Warren Returns

With a new magazine to hawk, Rick Warren has broken media silence and given interviews to Larry King and Christianity Today‘s Sarah Pulliam.Students of the great one’s purpose-driven public life have taken note, and noted certain inconsistencies between past and present pronouncements. Both Gilgoff and BaptistPlanet make clear that Warren is now representing himself as […]

With a new magazine to hawk, Rick Warren has broken media silence and given interviews to Larry King and Christianity Today‘s Sarah Pulliam.Students of the great one’s purpose-driven public life have taken note, and noted certain inconsistencies between past and present pronouncements. Both Gilgoff and BaptistPlanet make clear that Warren is now representing himself as softer on gay marriage than he appeared heretofore. To be fair, he was something of a reluctant warrior during the run-up to the Proposition Vote. What’s interesting is that he seems to be letting the zeitgeist blow him along as it listeth–toward the recognition that gay marriage is where America is headed.

Let me just call attention to a couple of Warrenisms. First, when Pulliam asked for his views on the Obama interation of the faith-based initiative, he said:

Those are great goals. My fear is that if all of a sudden you have to
compromise your convictions to be part of the faith base, that will
kill it. People will simply ignore it. Saddleback has never accepted
government money for any PEACE Plan
project because we don’t want the strings attached to it. While the
faith-based initiatives have great promise, if it becomes an issue
where you can’t just hire Christians in a Christian school, that will
effectively kill them.

On the one hand, he is exactly right to make the point that those who see their service missions as religious should steer clear of government funding. On the other, no one has proposed to do away with longstanding rules exempting bona-fide Christian schools from anti-discrimination laws against hiring based on faith. The question is whether you should get the hiring exemption when you’re using government funds to advance a public purpose.


Then there’s this, in response to Larry King’s question about John Meacham’s ARIS-based Newsweek cover story, “The Decline of Christian America.”

KING: OK. Do you think Christianity is slipping in America? That’s the
front cover of “Newsweek,” out today. Quite a loss occurring in the
Christian community. There you see the headline.

WARREN:
Well, I would say it’s the best of times and the worst of times. First
place, I don’t think that all of the questions that are asked in
surveys are always as objective as they could be. For instance, if you
ask people, are you a Protestant — and the number of Protestants has
gone down dramatically in the last 30 years. I don’t even call myself a
Protestant.

So terminologies are changing. I don’t think faith is changing that much.
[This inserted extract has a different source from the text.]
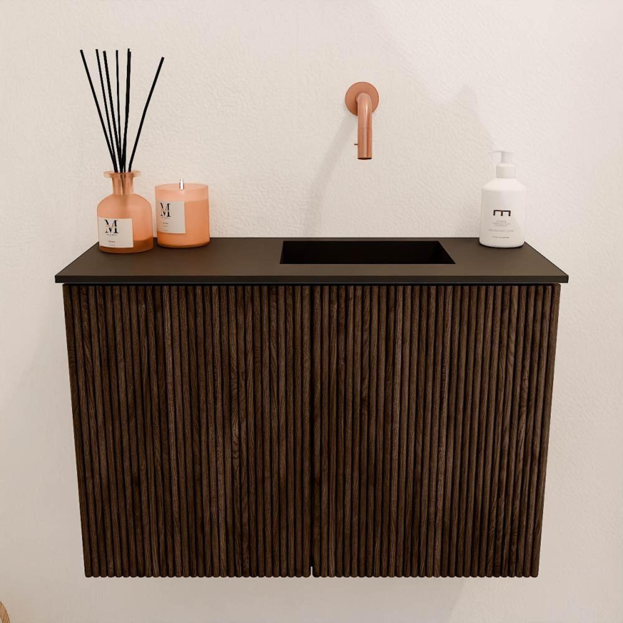 Met zijn warme walnootkleur en de verticale ribbelstructuur op de fronten is dit meubel een echte blikvanger. De natuurlijke houtafwerking geeft jouw badkamer een luxe uitstraling zonder te overheersen. Dit meubel combineert moeiteloos met zowel moderne als klassieke badkamerinrichtingen, waardoor het een veelzijdige keuze is. Door het subtiele design voeg je een vleugje elegantie toe, terwijl het meubel toch tijdloos blijft. Zo creëer je een badkamer die niet alleen functioneel is, maar ook uitnodigt om te verblijven.

On the one hand, the ARIS surveys don’t ask people if they’re Protestant. They ask, “What is your religion, if any?” And the fact that the number of “just Protestants” has declined from 17 million to 5 million in two decades is simply a report on what people say. On the other hand, terminologies are changing. And what the ARIS shows is a huge increase in those who call themselves non-denominational Christians and “just Christians”–the Rick Warren people. Not enough, however, to prevent a 10 percentage-point decline in the proportion of Christians in America, with 90 percent of that coming in the non-Catholic portion of the Christian population.